Using the entries below, restate word for word only the lines from the one with "6月2日夜晚,在阜陽市阜南縣苗集鎮的一處麥田,農機手駕駛收割機收割小麥。" to the final line, leaving the pictures out.

[Saved entries]
========================================================================

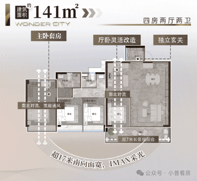 在售的主力户型以四居室为主,包括建面 105㎡、122㎡、141㎡、186㎡等多种规格。
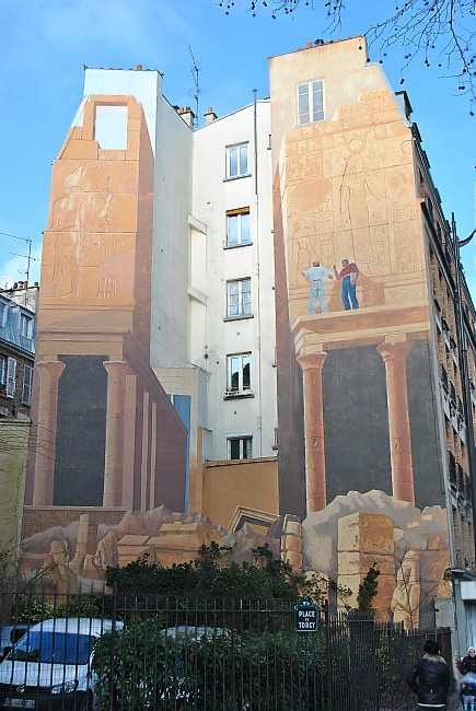 Objevila jsem tu tentokrát několik nových uliček a náměstí, vlezla jsem na dvorky několika domů, ale nic zvlášť malebného jsem nenašla, najedla jsem se v thajském bistru, koupila si ovoce v místní tržnici a objevila zajímavou malbu na slepé zdi jednoho z vysokých činžáků. A také jsem si konečně prohlédla kostel St. Denis de La Chapelle, který byl hlavním důvodem, proč jsem se sem vydala, ale o něm zas až příště.
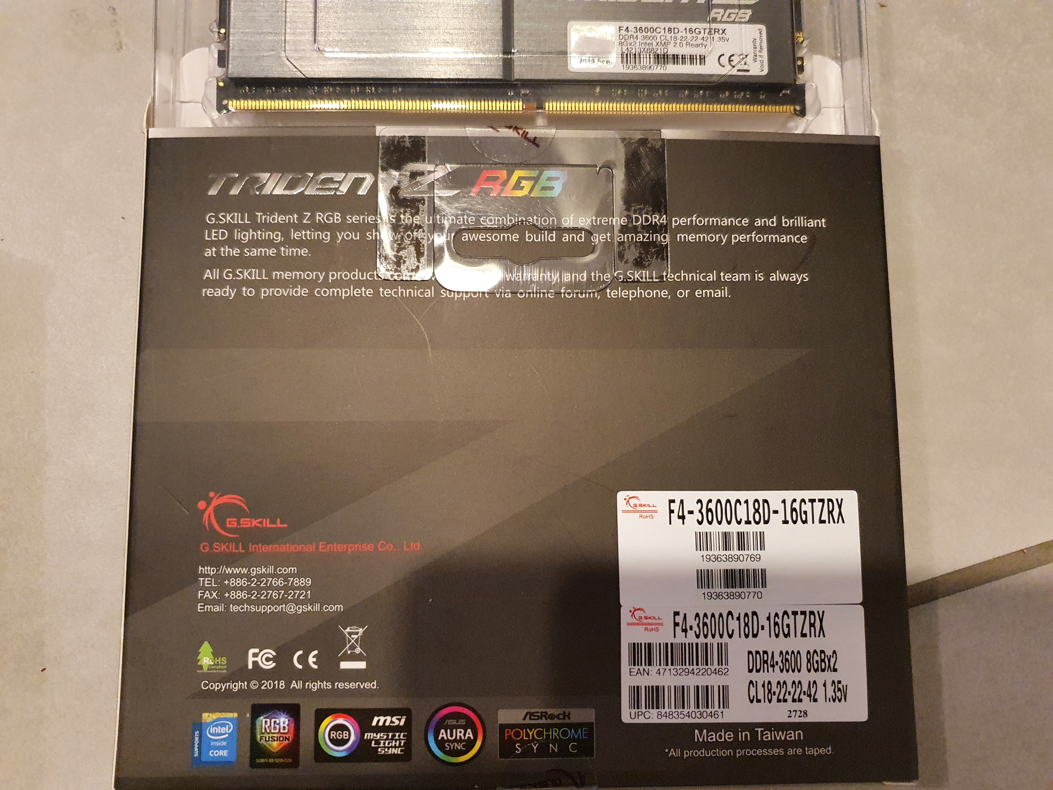 16Go RAM G.Skill Trident Z RGB (2x8) DDR4 3600 MHz CL18 (boite + facture) 90€
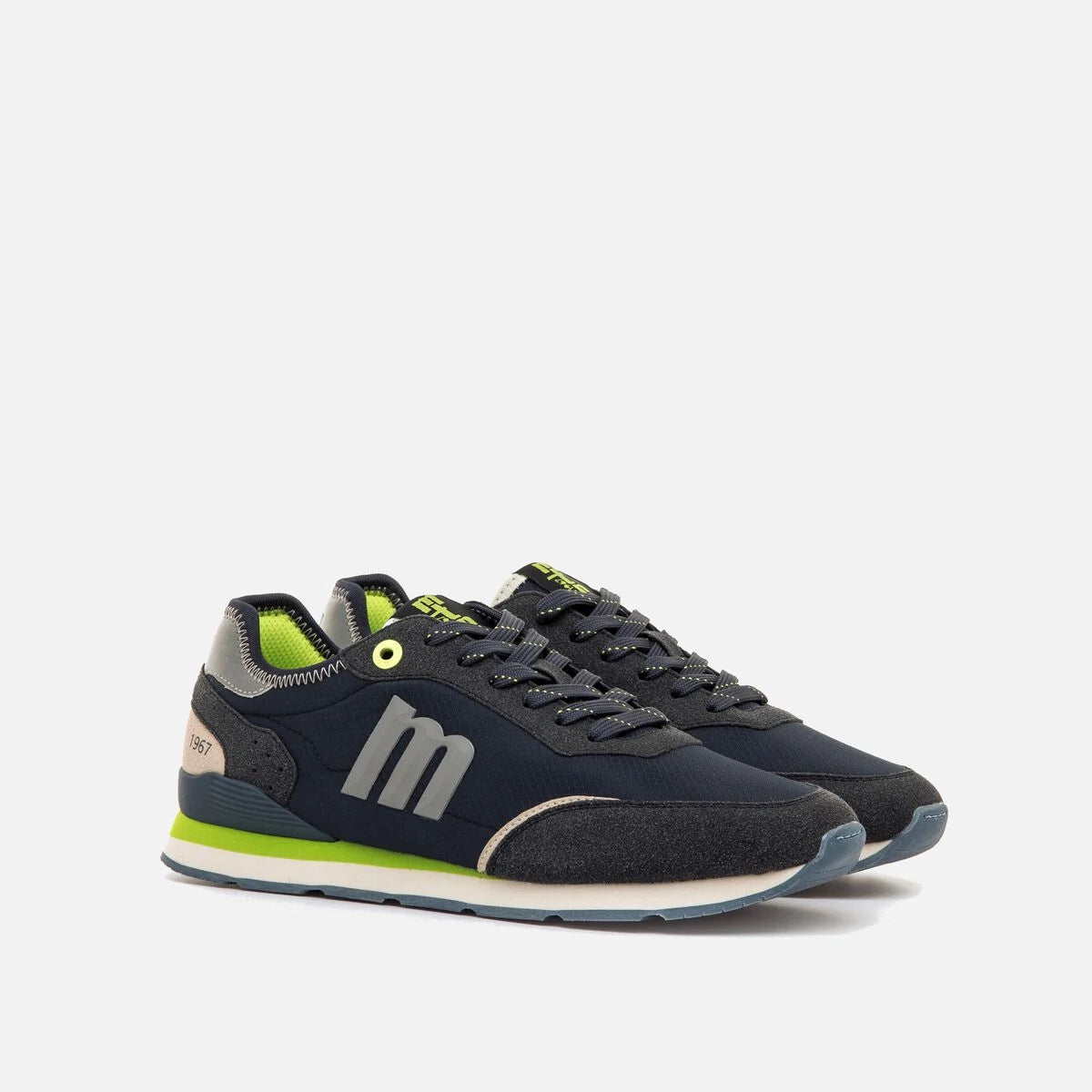 Zapatillas de color verde kaki para hombre de Mustang, modelo Joggo Classic de estilo urbano. Este diseño combina paneles y texturas en tonos tierra con detalles de color azul y amarillo que aportan un toque distintivo. Incluye el logo lateral en relieve, talón con refuerzo y suela bicolor con base de goma. Su silueta clásica tipo running junto a sus plantillas con tecnología Starfit, lo convierte en un modelo que asegura comodidad en cada paso.
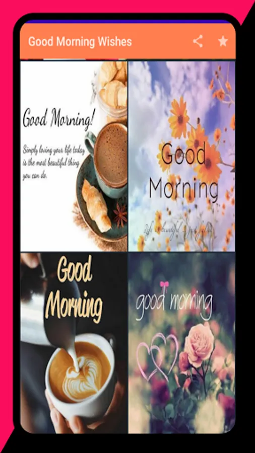 This app contains Good Morning Love Images, quotes, Flower wishes, coffee wishes, and inspiration wishes
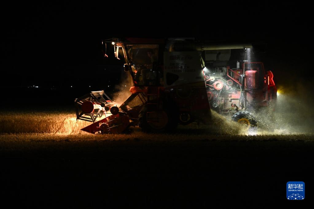 6月2日夜晚,在阜陽市阜南縣苗集鎮的一處麥田,農機手駕駛收割機收割小麥。
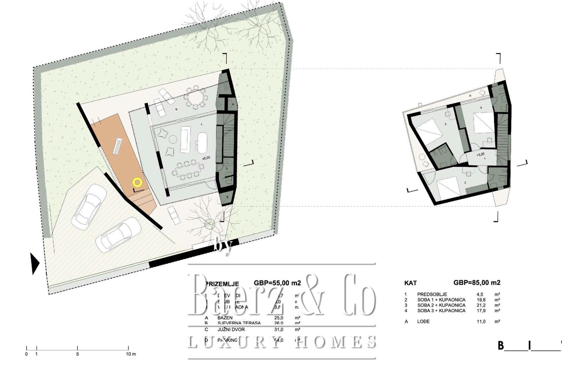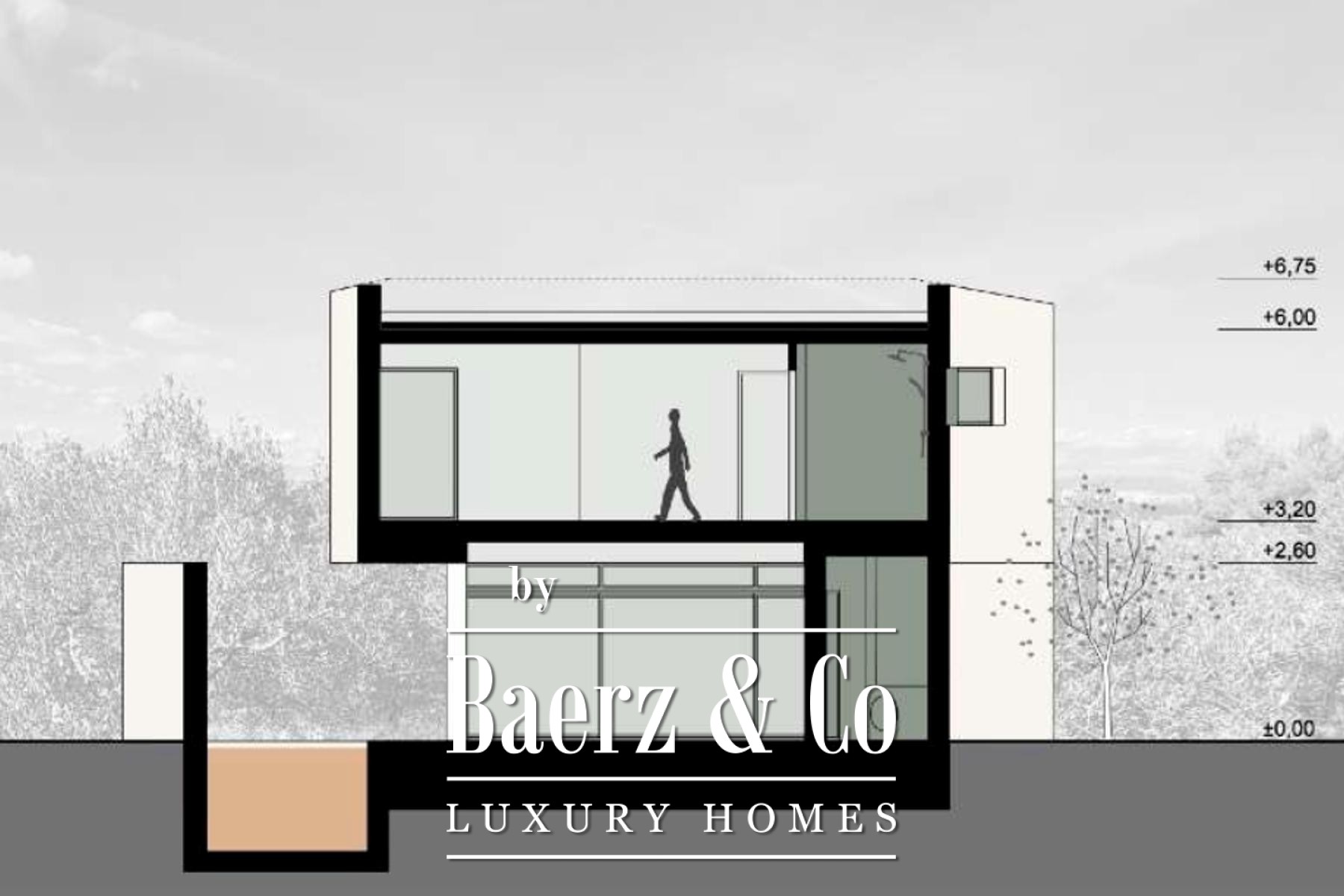 Na piętrze trzy sypialnie mają własne łazienki i dostęp do loggii skierowanej na otwarty widok morza. Na zewnątrz rozpościera się ogród w stylu śródziemnomorskim, miejsce na grilla, przestronne tarasy, balkony oraz kilka miejsc parkingowych dyskretnie rozmieszczonych od zachodniej strony działki o powierzchni 286 m².

========================================================================

◆ **Exercise answer**
 6月2日夜晚,在阜陽市阜南縣苗集鎮的一處麥田,農機手駕駛收割機收割小麥。
 Na piętrze trzy sypialnie mają własne łazienki i dostęp do loggii skierowanej na otwarty widok morza. Na zewnątrz rozpościera się ogród w stylu śródziemnomorskim, miejsce na grilla, przestronne tarasy, balkony oraz kilka miejsc parkingowych dyskretnie rozmieszczonych od zachodniej strony działki o powierzchni 286 m².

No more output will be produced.